An unidentified participant asked how to hold these conversations if the community has the prevalent belief that the best way to have long lives and safe lives is for everybody in that community to have an assault weapon or to get rid of government safety regulations. VanLanen replied that no matter where the community is, it is imperative to meet the community there and understand why it has those beliefs. Varano agreed that the power of listening and being present are critical and said it is important not to enter the conversation with assumptions and answers. She recounted one of TLHIP’s fail forward experiences. The members would announce that TLHIP had money and invite others to join them in unearthing solutions. That process yielded a number of disparate ideas, she said, and it failed. Now, the approach is to come in as a co-creator, a supporter, and a cheerleader. Douglas said that there were strongly held beliefs in the Tenderloin neighborhood about injection drug use that needed to be heard and considered, and that required difficult conversations. However, by listening to one another, the community over the course of 2 years has come to agree on a common set of potential solutions. “It is an evolution of the way that you think, but understanding the humanity in people and being able to find some common ground is critical.” Stout added that stories from community members are crucial to creating a common vision.
Bridget Kelly from Bridging Health and Community said that two themes came out of discussions she had with other participants at her table (see Appendix C). The first was that it is not just community members who have lived experiences they bring to the table; community leaders do as well. “It seems like that is not an us-and-them thing, but really a core to everyone who is participating,” she said. The second theme was that perhaps the dynamic process and healthy struggle that develops from these relationships are outcomes, as opposed to metrics and indicators, in that they can demonstrate there has been a shift in the power dynamics of the community. Stout agreed with this second theme and said that 100 Million Healthier Lives has a metric for that. In fact, she said, the program does not define the outcomes by which it will judge a community to be successful. The program has a metrics database called Measure What Matters from which community members can choose the metrics they feel are important for measuring their successes, whether it is the percentage of ugly fruits and vegetables donated to schools or people feeling safe in the process of community engagement. Knox said he agreed wholeheartedly about the importance of letting the community define what is important and then helping the community set up the appropriate
measurements.
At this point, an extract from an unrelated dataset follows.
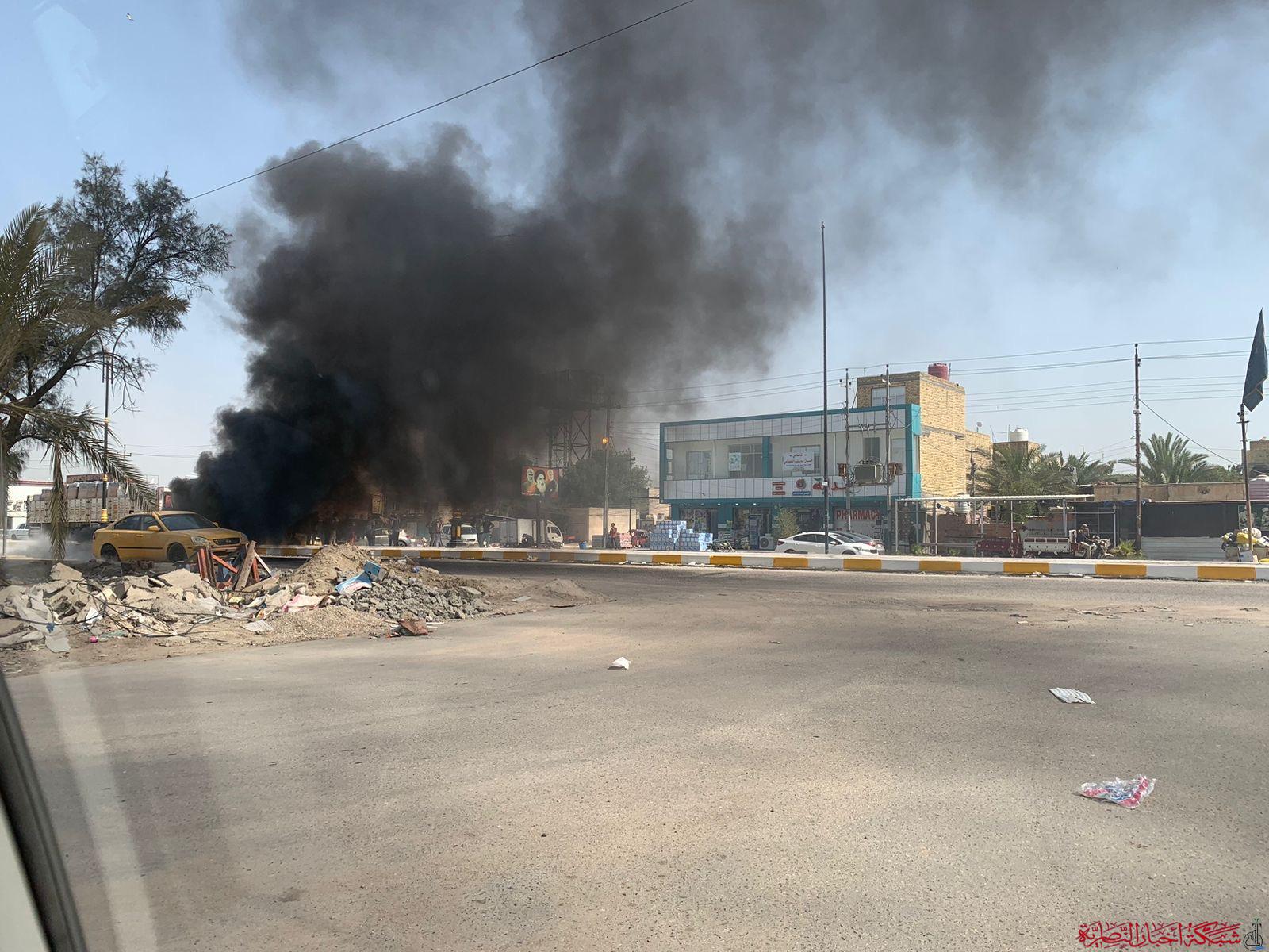 بالصور: محتجون يقطعون الشارع الرئيسي في ناحية الفضلية

VanLanen said that when she first started her work with Live Algoma, her idea was that obesity was the problem that needed to be addressed, but after partnering with community members, it became clear that the community thought the biggest problem was a dream deficit regarding future possibilities, particularly among the community’s youth.
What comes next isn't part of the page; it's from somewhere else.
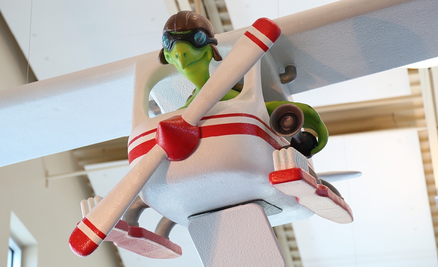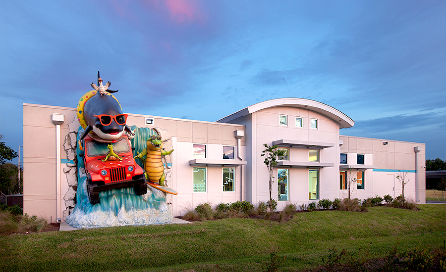 They won’t be able to miss the building either, with the giant Landmark sculpture of a Jeep-driving orca whale and his buddies on the side of the building to draw attention.

With regard to Kelly’s first theme, Stout acknowledged its importance and said that she would think about it more. She added that she thinks that part of what she and her colleagues want to convey is that community members need to be included in creating the solutions—and that the experiences of people who have lived with a particular condition the community is trying to change (e.g., homelessness or joblessness) offer real insight into what the solutions might be. The intention, Stout said, is to recognize the experience that community members have in creating solutions.